|Summary:||ASTERISK-21406: [patch] chan_sip deadlock on monlock between unload_module and do_monitor|
|Reporter:||Corey Farrell (coreyfarrell)||Labels:|
|Date Opened:||2013-04-10 19:01:45||Date Closed:||2014-03-07 16:59:03.000-0600|
|Versions:||22.214.171.124 11.4.0||Frequency of|
|Environment:||Ubuntu/quantal, eglibc-2.15-0ubuntu20||Attachments:||( 0) chan_sip-unload-deadlock-backtrace.txt|
( 1) chan_sip-unload-deadlock-debug.patch
( 2) chan_sip-unload-testfix.patch
|Description:||unload_module cancels/joins the monitor thread while holding monlock. If do_monitor attempts to lock monlock while unload_module already has it, they deadlock. do_monitor waits for monlock while unload_module waits for do_monitor to exit.

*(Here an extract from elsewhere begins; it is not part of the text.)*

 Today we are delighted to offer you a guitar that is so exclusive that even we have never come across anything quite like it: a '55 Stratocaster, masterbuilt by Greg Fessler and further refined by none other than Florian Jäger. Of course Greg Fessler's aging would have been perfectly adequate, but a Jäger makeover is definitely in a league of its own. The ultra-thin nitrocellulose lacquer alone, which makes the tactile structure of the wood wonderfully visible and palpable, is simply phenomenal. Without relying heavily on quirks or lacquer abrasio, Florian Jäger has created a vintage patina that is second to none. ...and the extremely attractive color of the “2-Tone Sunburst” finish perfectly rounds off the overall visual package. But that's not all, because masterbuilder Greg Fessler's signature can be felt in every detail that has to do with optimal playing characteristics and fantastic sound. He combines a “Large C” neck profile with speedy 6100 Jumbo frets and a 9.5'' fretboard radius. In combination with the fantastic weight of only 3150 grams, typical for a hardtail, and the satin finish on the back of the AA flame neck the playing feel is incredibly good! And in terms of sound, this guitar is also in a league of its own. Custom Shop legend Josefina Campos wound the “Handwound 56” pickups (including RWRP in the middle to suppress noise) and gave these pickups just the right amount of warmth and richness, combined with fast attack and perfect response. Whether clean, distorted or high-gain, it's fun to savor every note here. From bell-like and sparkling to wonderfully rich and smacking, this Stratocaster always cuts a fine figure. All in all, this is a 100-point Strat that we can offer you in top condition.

I've experienced this issue a couple of times in production when attempting to shutting down. I found the cause while running valgrind tests. I believe valgrind slowed things down so much it caused the deadlock to occur somewhat reliably. I could not replicate the issue with lock debugging enabled. I added ast_log messages to unload_module, found that they stopped while monlock was held. The valgrind testing was done with 'make samples', no changes to /etc/asterisk. I tried attaching gdb once the lock occured but it could not find symbols (probably because of valgrind).

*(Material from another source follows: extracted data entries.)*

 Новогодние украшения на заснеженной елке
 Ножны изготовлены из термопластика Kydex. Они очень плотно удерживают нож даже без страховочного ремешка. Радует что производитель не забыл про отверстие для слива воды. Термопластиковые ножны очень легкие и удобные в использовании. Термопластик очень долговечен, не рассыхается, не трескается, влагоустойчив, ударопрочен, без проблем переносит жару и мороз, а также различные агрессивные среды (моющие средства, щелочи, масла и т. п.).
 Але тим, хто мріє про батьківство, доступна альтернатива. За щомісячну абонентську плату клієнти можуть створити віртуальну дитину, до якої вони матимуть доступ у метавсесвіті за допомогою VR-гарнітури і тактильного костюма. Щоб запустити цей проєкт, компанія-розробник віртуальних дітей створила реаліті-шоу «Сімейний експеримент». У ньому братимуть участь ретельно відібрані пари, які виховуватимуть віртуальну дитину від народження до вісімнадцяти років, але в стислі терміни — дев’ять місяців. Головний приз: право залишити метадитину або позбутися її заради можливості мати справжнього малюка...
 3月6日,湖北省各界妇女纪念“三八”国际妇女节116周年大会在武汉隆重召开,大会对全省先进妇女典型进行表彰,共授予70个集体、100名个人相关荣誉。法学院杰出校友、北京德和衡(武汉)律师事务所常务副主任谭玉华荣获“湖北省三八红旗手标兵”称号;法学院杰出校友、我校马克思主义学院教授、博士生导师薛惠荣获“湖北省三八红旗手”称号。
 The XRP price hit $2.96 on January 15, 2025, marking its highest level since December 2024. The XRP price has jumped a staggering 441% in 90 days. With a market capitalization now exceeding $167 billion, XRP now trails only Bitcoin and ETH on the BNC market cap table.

|Comments:||By: Corey Farrell (coreyfarrell) 2013-04-10 19:38:03.436-0500|
[^chan_sip-unload-testfix.patch] is a possible fix. At first I did not use sched_yield(), the ast_debug message was printed, but the deadlock was avoided. After adding sched_yield I was not been able to reproduce the deadlock and or the ast_mutex_trylock failed message.
This patch has not been tested with any SIP peers/activity, it was only tested as a way to fix the specific issue.
By: David Brillert (aragon) 2013-07-18 08:07:13.596-0500
I might be experiencing the same deadlock.
Do you have a gdb trace you can upload so I can compare traces?
By: Corey Farrell (coreyfarrell) 2013-07-31 02:58:57.528-0500
gdb backtrace is from 1.8 branch.
thread 5 is do_monitor() waiting for monlock.
thread 16 is attempting to unload chan_sip. it has monlock and is waiting for do_monitor() to exit (pthread_join)
Built without thread debugging, run within valgrind. I've been unable to reproduce this issue with thread debugging enabled. Thread debugging / deadlock detection adds a bunch of code to ast_mutex_lock, one of the calls must react to pthread_cancel.
By: Corey Farrell (coreyfarrell) 2014-02-25 18:02:37.029-0600
[^chan_sip-unload-deadlock-debug.patch] is not meant to be committed. If you attempt to unload chan_sip while do_monitor is in delay it will deadlock every time.
By: Corey Farrell (coreyfarrell) 2014-03-03 13:55:26.426-0600
Review reposted to https://reviewboard.asterisk.org/r/3284/ for switch to my new RB username.